━━ Listed entries

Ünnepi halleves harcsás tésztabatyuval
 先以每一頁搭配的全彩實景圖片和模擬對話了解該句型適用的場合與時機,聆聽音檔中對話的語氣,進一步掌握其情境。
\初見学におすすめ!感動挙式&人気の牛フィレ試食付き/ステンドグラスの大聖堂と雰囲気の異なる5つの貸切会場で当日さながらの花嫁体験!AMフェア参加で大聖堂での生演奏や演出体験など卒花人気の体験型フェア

━━━━
━━ Listed entries

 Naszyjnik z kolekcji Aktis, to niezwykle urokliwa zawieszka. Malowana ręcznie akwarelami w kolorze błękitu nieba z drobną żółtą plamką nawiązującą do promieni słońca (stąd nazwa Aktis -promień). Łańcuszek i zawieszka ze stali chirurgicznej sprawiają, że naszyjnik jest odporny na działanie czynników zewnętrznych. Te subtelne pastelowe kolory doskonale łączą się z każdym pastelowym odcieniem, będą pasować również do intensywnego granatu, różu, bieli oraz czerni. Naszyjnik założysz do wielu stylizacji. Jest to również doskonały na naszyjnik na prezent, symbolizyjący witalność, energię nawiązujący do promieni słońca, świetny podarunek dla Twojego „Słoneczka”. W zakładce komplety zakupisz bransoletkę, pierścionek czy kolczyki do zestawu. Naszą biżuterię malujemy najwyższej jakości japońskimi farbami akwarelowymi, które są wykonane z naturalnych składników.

━━━━
━━ Listed entries

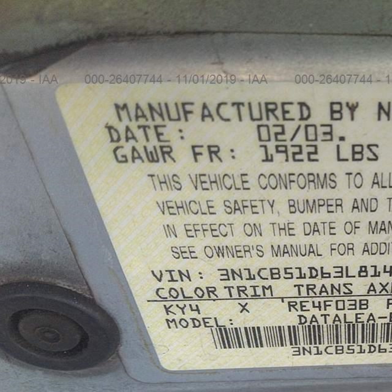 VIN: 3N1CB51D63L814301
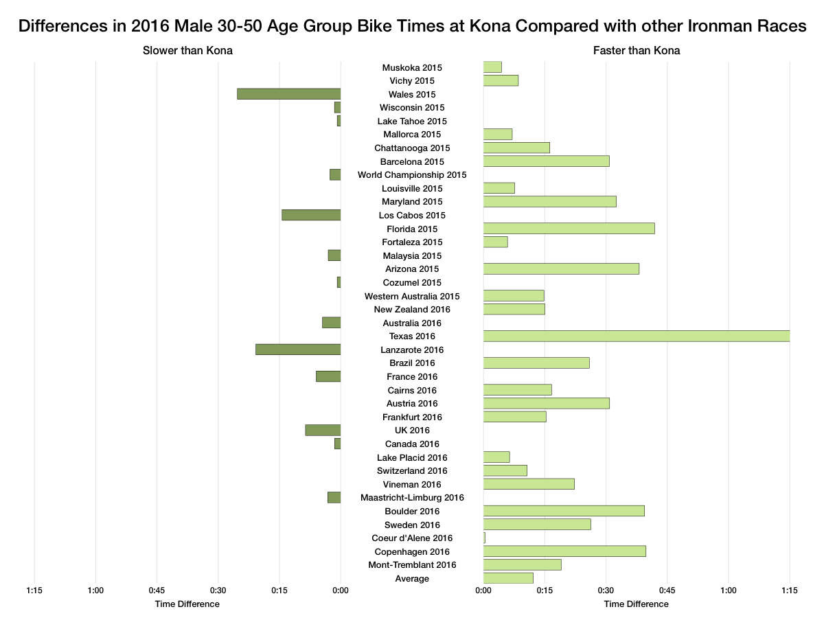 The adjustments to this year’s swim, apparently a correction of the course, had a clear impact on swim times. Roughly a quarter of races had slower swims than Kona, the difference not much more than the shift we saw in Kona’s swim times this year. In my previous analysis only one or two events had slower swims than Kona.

━━━━

◆ **Aim of the exercise**
Reproduce the lines above starting at the one with "VIN: 3N1CB51D63L814301" and ending at the one with "The adjustments to", both included, exactly and with no pictures.

◆ **Written solution**
 VIN: 3N1CB51D63L814301
 The adjustments to this year’s swim, apparently a correction of the course, had a clear impact on swim times. Roughly a quarter of races had slower swims than Kona, the difference not much more than the shift we saw in Kona’s swim times this year. In my previous analysis only one or two events had slower swims than Kona.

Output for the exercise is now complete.